**Task item:** Output the data in full. Keep every word exact and exclude the pictures.

**Provided records:**

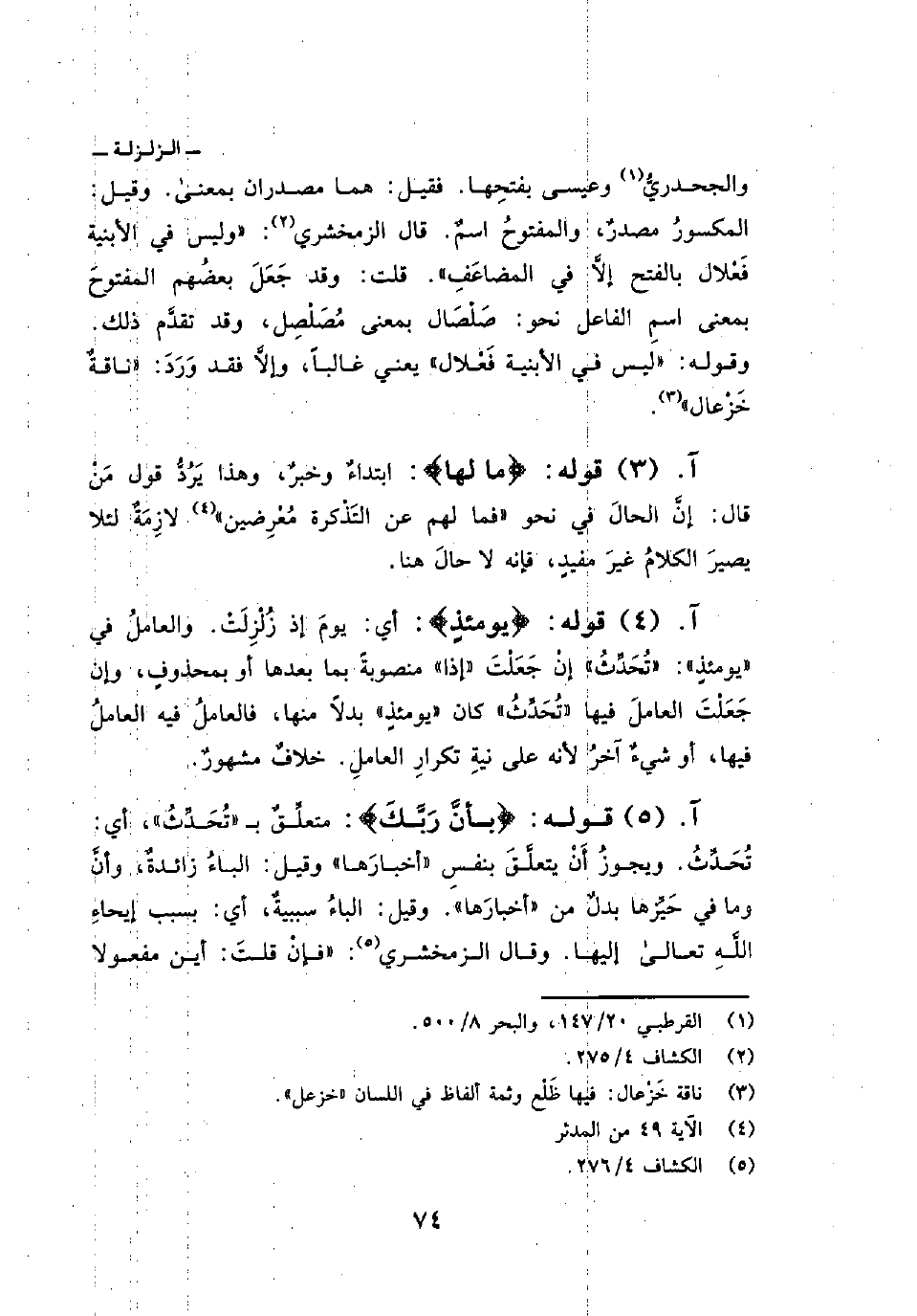 قوله: {يَوْمَئِذٍ} : أي: يومَ إذ زُلْزِلَتْ. والعاملُ في «يومئذٍ» «تُحَدِّثُ» إنْ جَعَلَتْ «إذا» منصوبةٌ بما بعدها أو بمحذوفٍ، وإن جَعَلْتَ العاملَ فيها «تُحَدِّثُ» كان «يومئذٍ» بدلاً منها، فالعاملُ فيه العاملُ فيها، أو شيءٌ آخرُ لأنه على نيةِ تكرارِ العاملِ. خلافٌ مشهورٌ.
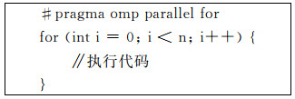 OpenMP代码中, 并行区域是核心的代码段, 由#progma omp parallel声明, 其后大括号内的代码会使用多个线程同时处理, 更常见为使用#progma omp parallel for声明, 将代码下一行的for循环使用多线程执行, 从而充分利用多核CPU, 极大提高处理效率。如下代码所示:
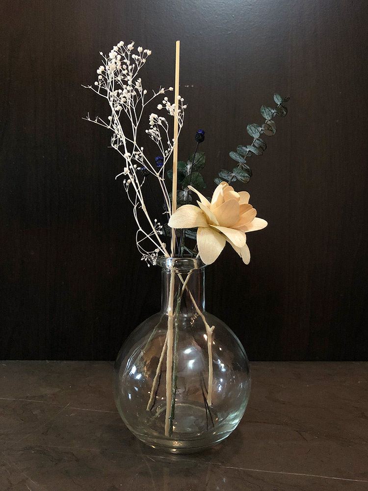 Essential oil diffusers crafted with naturally preserved botanicals & found vintage glass and hardware.
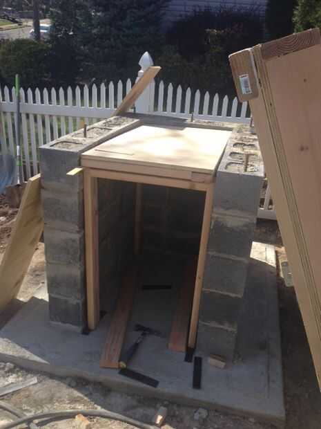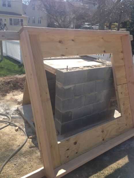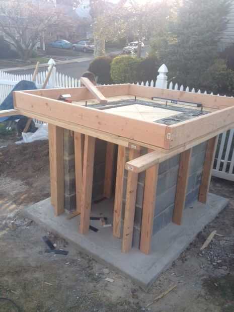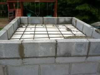OK, si vas al modo tradicional se necesita construir su marco de madera primero. Será el anfitrión de la losa de cemento para su horno. Fotos a contar la historia mejor que las palabras. Usar 2x6s en los lados. El marco es posteriormente desmantelado y retirado (obviamente solo los lados, no serás capaz de eliminar las piezas de la parte inferior), así que no te preocupes una combinación de una leña horno y un marco de madera)). Usted también necesitará cubrir toda la zona interior de la base (entre las paredes de bloques de hormigón). Usted puede hacer esto con madera contrachapada. El truco es que esta pieza de madera contrachapada debe apoyarse muy bien de la tierra - o de lo contrario caerá cuando usted vierte cemento en él. Usted puede apoyar con bloques de cemento (por supuesto que más tarde saque).
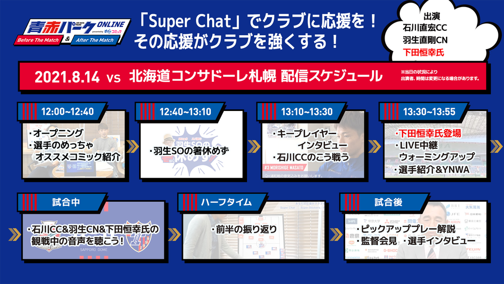 8/14(土)札幌戦『青赤パークオンラインBefore/After The Match presented by めちゃコミック』開催のお知らせ
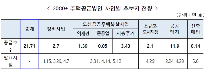 3080+ 주택공급방안 3차 도심복합사업 후보지 선정 [국토교통부]
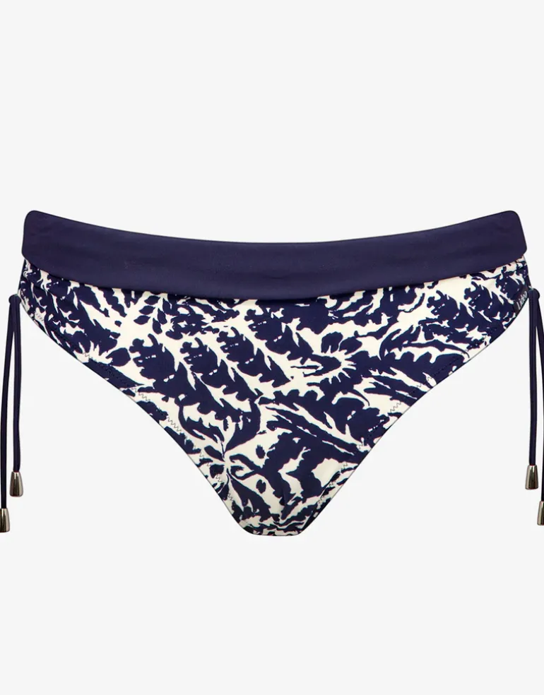 The Arabesque Mood Adjustable Bikini Pant from Lidea in a beautiful ornamental monochrome print of blue and white, features a banded waist and ties to cinch and adjust the leg height finished with metallic silver beads.
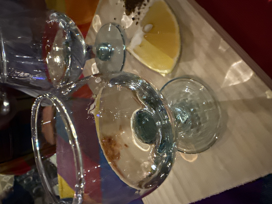 - "Two clear glass copitas, each containing a transparent liquid, are positioned on a light-toned wooden serving board" by FM-rjc8l1, licensed under CC BY 4.0

**Task solution:**
 قوله: {يَوْمَئِذٍ} : أي: يومَ إذ زُلْزِلَتْ. والعاملُ في «يومئذٍ» «تُحَدِّثُ» إنْ جَعَلَتْ «إذا» منصوبةٌ بما بعدها أو بمحذوفٍ، وإن جَعَلْتَ العاملَ فيها «تُحَدِّثُ» كان «يومئذٍ» بدلاً منها، فالعاملُ فيه العاملُ فيها، أو شيءٌ آخرُ لأنه على نيةِ تكرارِ العاملِ. خلافٌ مشهورٌ.
 OpenMP代码中, 并行区域是核心的代码段, 由#progma omp parallel声明, 其后大括号内的代码会使用多个线程同时处理, 更常见为使用#progma omp parallel for声明, 将代码下一行的for循环使用多线程执行, 从而充分利用多核CPU, 极大提高处理效率。如下代码所示:
 Essential oil diffusers crafted with naturally preserved botanicals & found vintage glass and hardware.
OK, si vas al modo tradicional se necesita construir su marco de madera primero. Será el anfitrión de la losa de cemento para su horno. Fotos a contar la historia mejor que las palabras. Usar 2x6s en los lados. El marco es posteriormente desmantelado y retirado (obviamente solo los lados, no serás capaz de eliminar las piezas de la parte inferior), así que no te preocupes una combinación de una leña horno y un marco de madera)). Usted también necesitará cubrir toda la zona interior de la base (entre las paredes de bloques de hormigón). Usted puede hacer esto con madera contrachapada. El truco es que esta pieza de madera contrachapada debe apoyarse muy bien de la tierra - o de lo contrario caerá cuando usted vierte cemento en él. Usted puede apoyar con bloques de cemento (por supuesto que más tarde saque).
 8/14(土)札幌戦『青赤パークオンラインBefore/After The Match presented by めちゃコミック』開催のお知らせ
 3080+ 주택공급방안 3차 도심복합사업 후보지 선정 [국토교통부]
 The Arabesque Mood Adjustable Bikini Pant from Lidea in a beautiful ornamental monochrome print of blue and white, features a banded waist and ties to cinch and adjust the leg height finished with metallic silver beads.
 - "Two clear glass copitas, each containing a transparent liquid, are positioned on a light-toned wooden serving board" by FM-rjc8l1, licensed under CC BY 4.0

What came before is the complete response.